Next-generation large-scale binary protein interaction network for Drosophila

Abstract Generating reference maps of the interactome networks underlying most cellular functions can greatly illuminate genetic studies by providing a protein-centric approach to finding new components of existing pathways, complexes, and processes. Here, we applied state-of-the-art experimental and bioinformatics methods to identify high-confidence binary protein-protein interactions (PPIs) for Drosophila melanogaster . We performed four all-by-all yeast two-hybrid (Y2H) screens of >10,000 Drosophila proteins, resulting in the ‘FlyBi’ dataset of 8,723 PPIs among 2,939 proteins.

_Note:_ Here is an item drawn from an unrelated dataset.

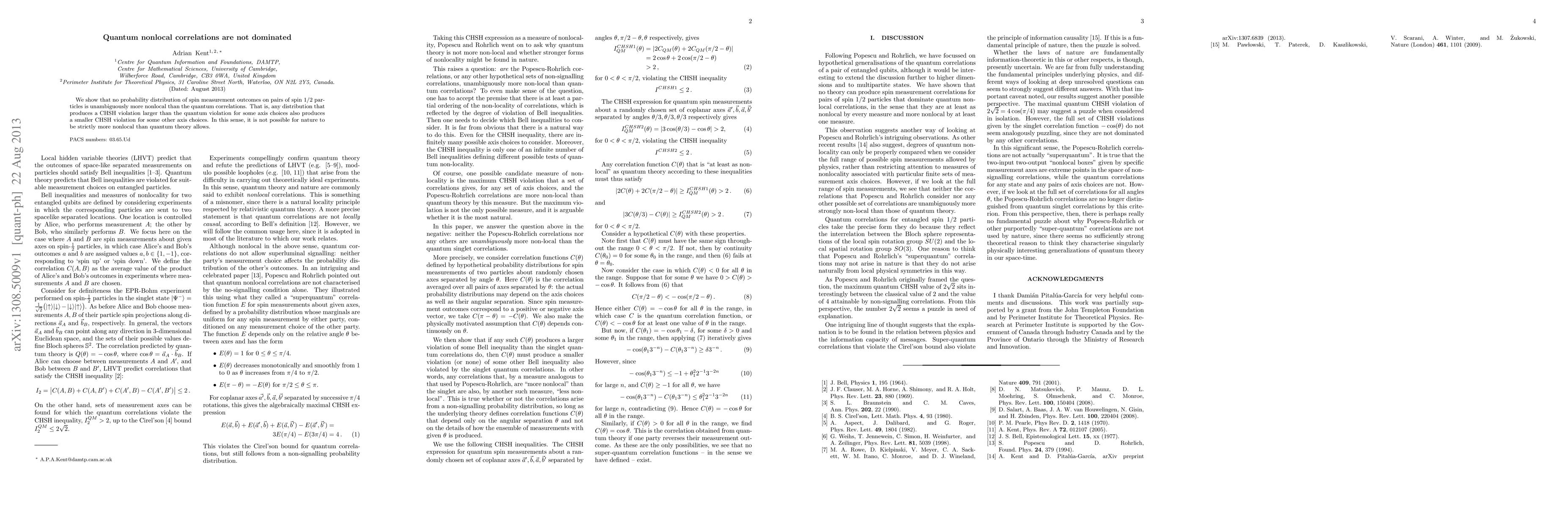 We show that no probability distribution of spin measurement outcomes on pairs of spin 1/2 particles is unambiguously more nonlocal than the quantum correlations. That is, any distribution that produces a CHSH violation larger than the quantum violation for some axis choices also produces a smaller CHSH violation for some other axis choices. In this sense, it is not possible for nature to be strictly more nonlocal than quantum theory allows.

As part of this effort, we tested subsets of our data and data from previous PPI datasets using an orthogonal assay, which allowed us to normalize data quality across datasets. Next, we integrated our FlyBi data with previous PPI data, resulting in an expanded, high-confidence binary Drosophila reference interaction network, DroRI, comprising 17,232 interactions among 6,511 proteins. These data are accessible through the Molecular Interaction Search Tool (MIST) and other databases. To assess the utility of the PPI resource, we used novel interactions from the FlyBi dataset to generate an autophagy interaction network that we validated in vivo using two different autophagy-related assays. We found that deformed wings ( dwg ) encodes a protein that is both a regulator and a target of autophagy. Altogether, the resources generated in this project provide a strong foundation for building high-confidence new hypotheses regarding protein networks and function.